The SAPM added that there were many reporters who have knowledge of the subject and the health system, however, there was a scientific side that has to be understood because science changes all the time. “It is very important to have a refresher course to ensure journalists are updated with the latest information.”
During the COVID-19 pandemic, for example, while print and electronic media in Pakistan are to be applauded for their proactive control of fake and potentially harmful information, social media was a different story altogether. ‘Informal’ media such as WhatsApp, by and large acts as a free agent. In the COVID-19 context and beyond, the abundance of health-related content and the rapidity of its dissemination over social-media platforms means that the news and information presented for consumption does not pass through the filters of responsible media.

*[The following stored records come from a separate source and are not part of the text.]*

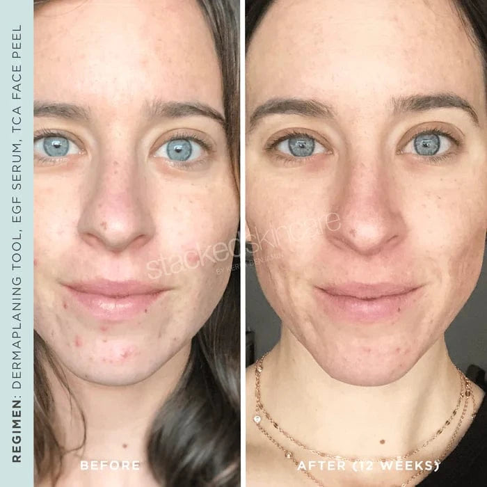 30 ml TCA Multi-Acid Face Peel: A gentle, rinse-free chemical exfoliation that reduces hyperpigmentation, smooths fine lines, unclogs pores, and alleviates dryness using a combination of lactic, glycolic, TCA, phytic, and salicylic acid.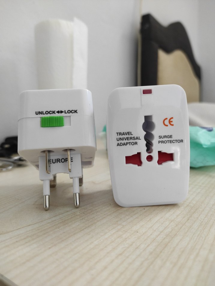 Kilitleme mekanizmalı, çoklu priz uyumlu beyaz evrensel seyahat adaptörü ve aşırı gerilim koruyucusu ⚡ Adet fiyatıdır.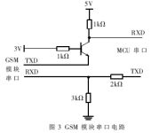 (2)串行接口電路的設(shè)計(jì)。GSM模塊的串行口(UART)使用的不是標(biāo)準(zhǔn)的TTL電平,不能與控制它的MCU串口直接相連,在它們之間要有一個(gè)電平轉(zhuǎn)換接口電路。該電路要能實(shí)現(xiàn)模塊的3V高電平與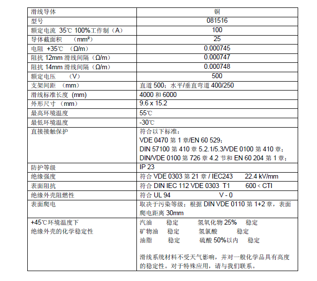Conductix-Wampfler的0815系列单极组合式滑触线又绝缘外壳和内部导体组成,主要用于室内单轨小车和滑环等设备的移动供电或通信。滑触线间距可安装为12mm或14mm;在常用的180铝轨上,最多可安装10-12极;在240铝轨上,最多可以安装16极。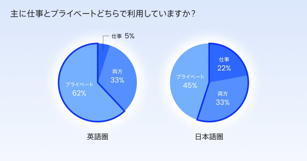 アンケート結果から、 画像の利用目的は国・地域によって明確に二極化していることが明らかになりました。英語圏では「プライベート利用のみ」が62%を占め、主にゲームなどの趣味や日常の記録といった用途が主流です。一方で、日本語圏では「仕事利用のみ」と「仕事との併用」を合わせた業務に関連する利用が55%となり、英語圏(33%)よりも業務領域での活用が進んでいます。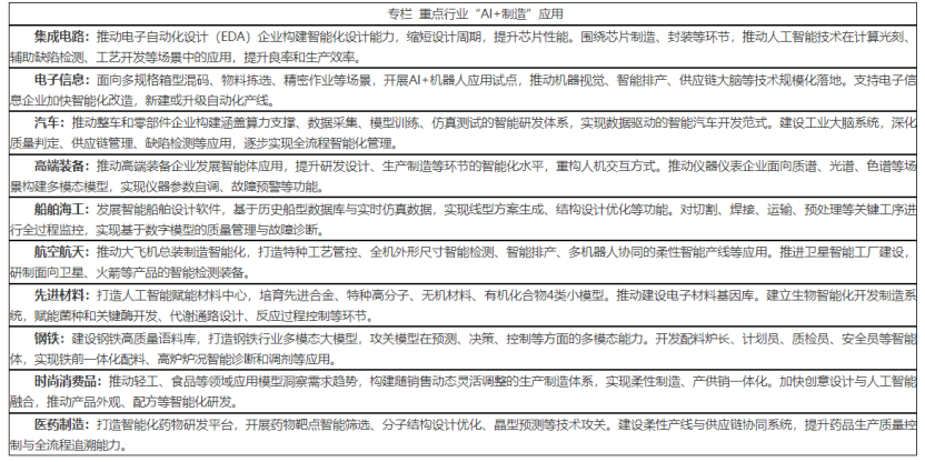针对重点行业,《实施方案》要求,聚焦集成电路、电子信息、汽车、高端装备、船舶海工、航空航天、先进材料、钢铁、时尚消费品、医药制造等行业,推动企业创新应用人工智能技术,打造细分领域行业模型,发展面向特定场景的专用小模型,构建多层次工业模型体系,提升大模型和小模型的协同效率,加快在工业场景中落地应用。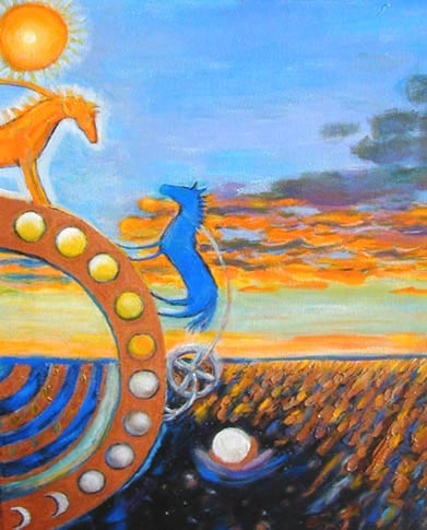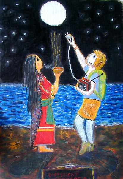 mellem den vestlige og indianske tanke. Billedet symboliserer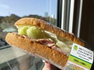 昼は新幹線内でサンドをパクリ。
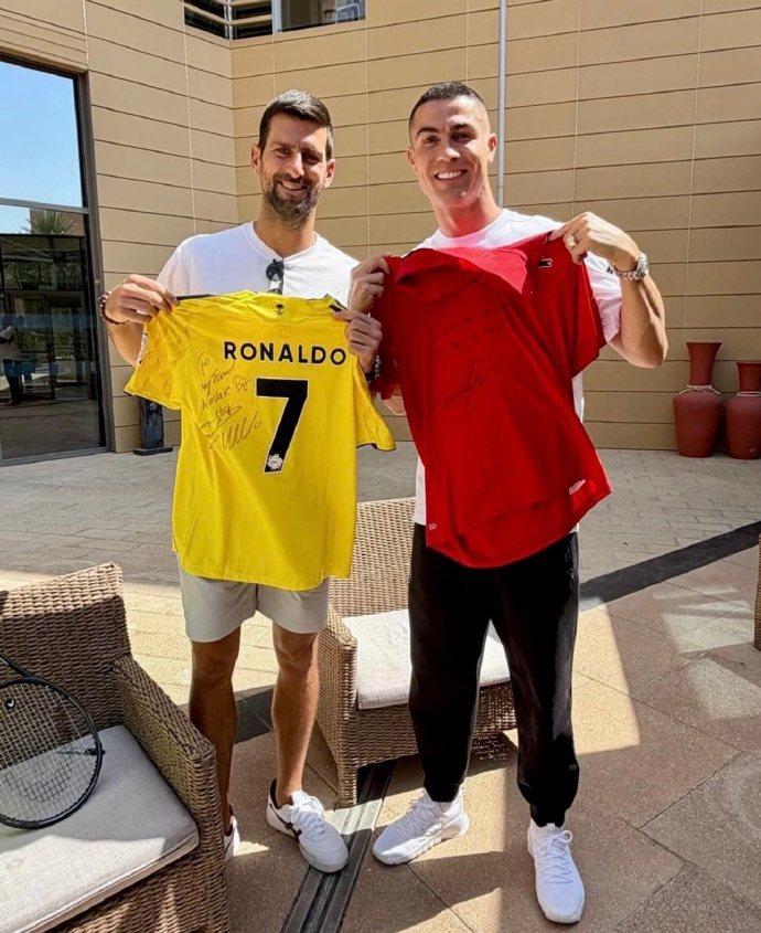 C罗在社交媒体上晒出自己与德约科维奇的合照,两人互换了to签球衣。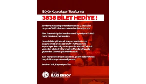 MHP Kayseri Milletvekili Baki Ersoy; Cumartesi günü oynanacak Kayserispor - Çaykur Rizespor maçı için sarı kırmızı taraftarlara bilet desteği sundu. 3838 bilet hediye edeceğini açıklayan MHP Kayseri milletvekili Baki Ersoy, 'Sevdamız Kayserispor taraftarlarımıza Ç. Rizespor maçında 3838 bilet satın alarak hediye ediyorum. Bilet ücretlerini şahsi hesabımdan Kayserispor Kulübü resmi hesabına yatıracağım. Ücretsiz bilet yükletmek isteyen taraftarlarımız Kayserispor Passolig olmak şartı ile muhtelif/müsait yerlerden biletlerini Cumhuriyet Meydanı Passolig gişesinden ücretsiz yükletebilecektir. Tüm hemşehrilerimizi hep birlikte, Şehrin Kalbi'ni hınca hınç doldurmaya davet ediyorum' dedi.
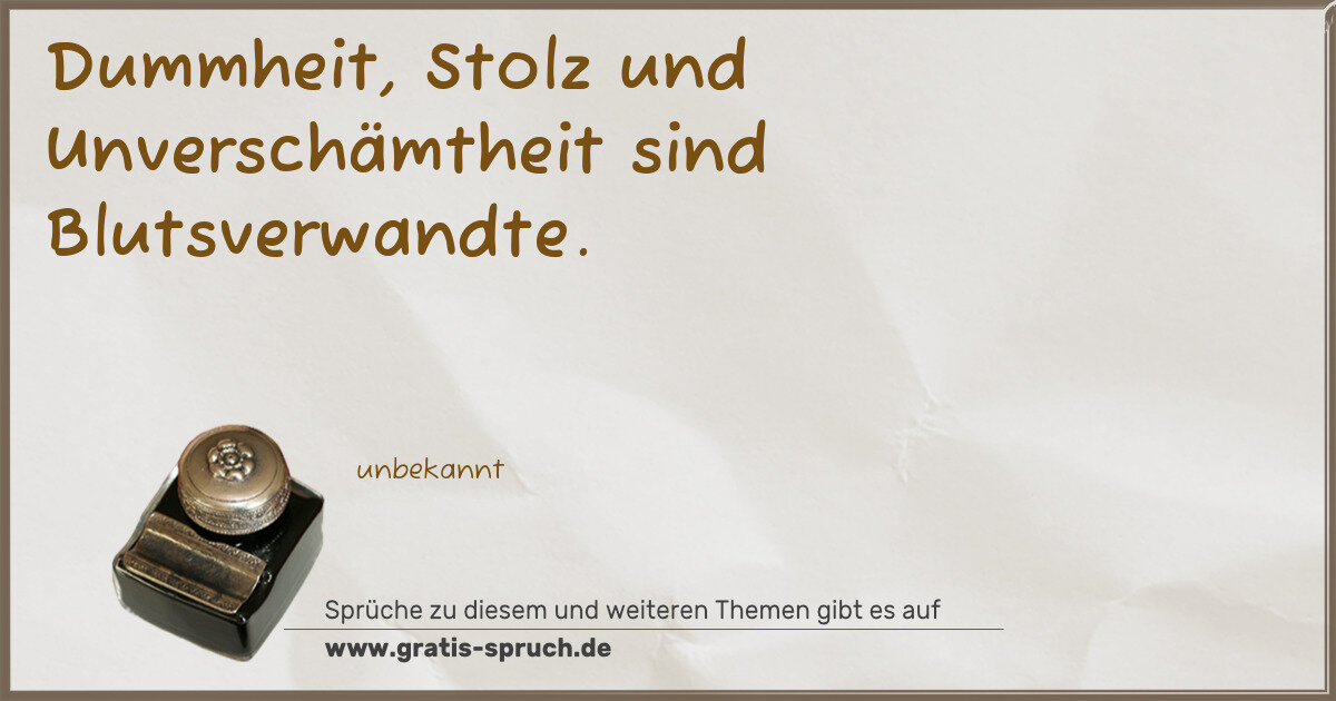 Dummheit, Stolz und Unverschämtheit sind Blutsverwandte.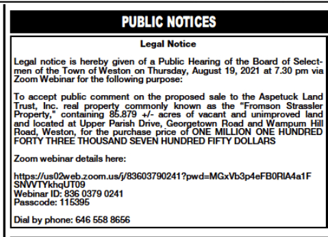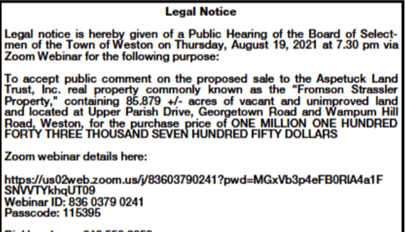 On Sunday August 8th the Public Notice for Public Hearing on sale of Fromson-Strassler to Aspetuck Land Trust.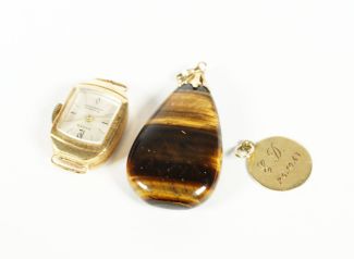 bestehend aus: Damenuhr, Herst Anker, 585er Uhrgehäuse, Handaufzug, 17 jewels, hochrechteckiges Zifferblatt, Goldzeiger, Strich- und arab Indices, 2,5 x 1,5 cm, runder Anhänger mit Eigentümergravur, je MZ, Beschau, zus 3,46gr 585er Gold (ohne Werk mit Glas gewogen), dazu Tigeraugeanhänger mit 333er Goldanstoß, L. 4,3 cm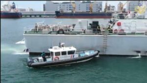 1630 時於高雄港 16 號與 17 號碼頭辦理艦船展示及開放參觀活動,邀請民眾近距離體驗海巡任務量能,其中 16 號碼頭開放 4000 噸級巡防艦「雲林艦」供民眾登艦參觀,並於其飛行甲板展示空勤總隊 AS-365 海豚直升機,呈現艦機整合運作實況,有效提升國人對海巡多元任務的認識,也深化全民瞭解海巡署為落實「國安、治安、平安」三安的關鍵力量。

ICON is IHHN’s flagship biennial conference. The conference is designed for IHHN paramedics, researchers, and other healthcare professionals to introduce and showcase their works and connect with other local and global healthcare community members to share and learn from varying experiences. ICON has since become a platform that showcases IHHN’s achievements, its unique work, and its team’s involvement in innovative research projects.
ICON 2022 was held from January 20-23, 2022, in Karachi with the theme of ‘Beyond the Call of Duty. The conference is the first to be held virtually, with the pre-conference workshops and scientific sessions being conducted throughout IHHN facilities across Pakistan. The conference partnered with more than 30 pharmaceutical companies and other corporate partners.